Required action
All that is wanted is the line with "Zrotoxic News, Chrome" and each line after it to the end of the data below, set down exactly and without pictures.

Data

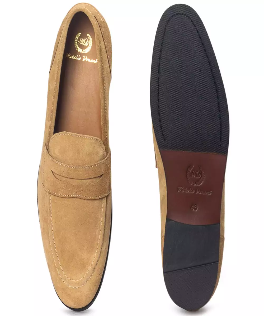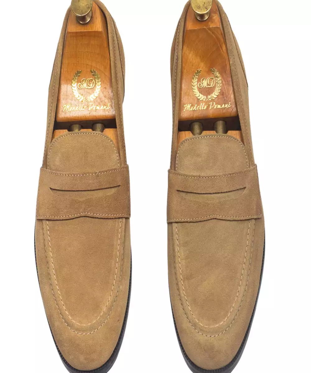 Handcrafted Pure Suede Slipons With Penny Strap, Leather Lining For Comfort And Leather Sole For Class.
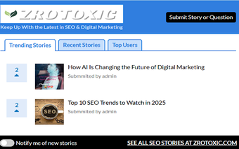 Zrotoxic News, Chrome tarayıcıları için geliştirilmiş ücretsiz bir eklentidir. Bu eklenti, kullanıcıların SEO ile ilgili en son haber ve trendleri takip etmelerini sağlar. Zrotoxic News, anlık bildirimler ile yeni hikayeler hakkında kullanıcıları bilgilendirir, böylece SEO dünyasındaki gelişmeleri kaçırmamak için ideal bir araçtır.
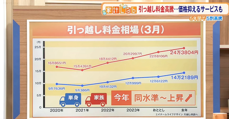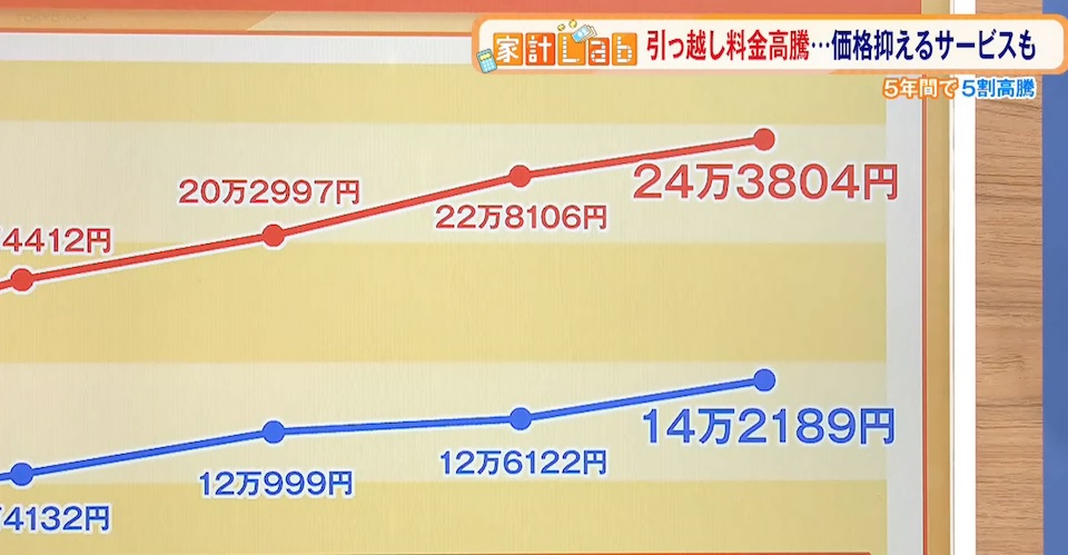 去年3月の単身者の引っ越し料金の相場は約14万2,000円。家族だと約24万3,000円で、この5年間でどちらも約5割値上がりしています。

Task response
 Zrotoxic News, Chrome tarayıcıları için geliştirilmiş ücretsiz bir eklentidir. Bu eklenti, kullanıcıların SEO ile ilgili en son haber ve trendleri takip etmelerini sağlar. Zrotoxic News, anlık bildirimler ile yeni hikayeler hakkında kullanıcıları bilgilendirir, böylece SEO dünyasındaki gelişmeleri kaçırmamak için ideal bir araçtır.
 去年3月の単身者の引っ越し料金の相場は約14万2,000円。家族だと約24万3,000円で、この5年間でどちらも約5割値上がりしています。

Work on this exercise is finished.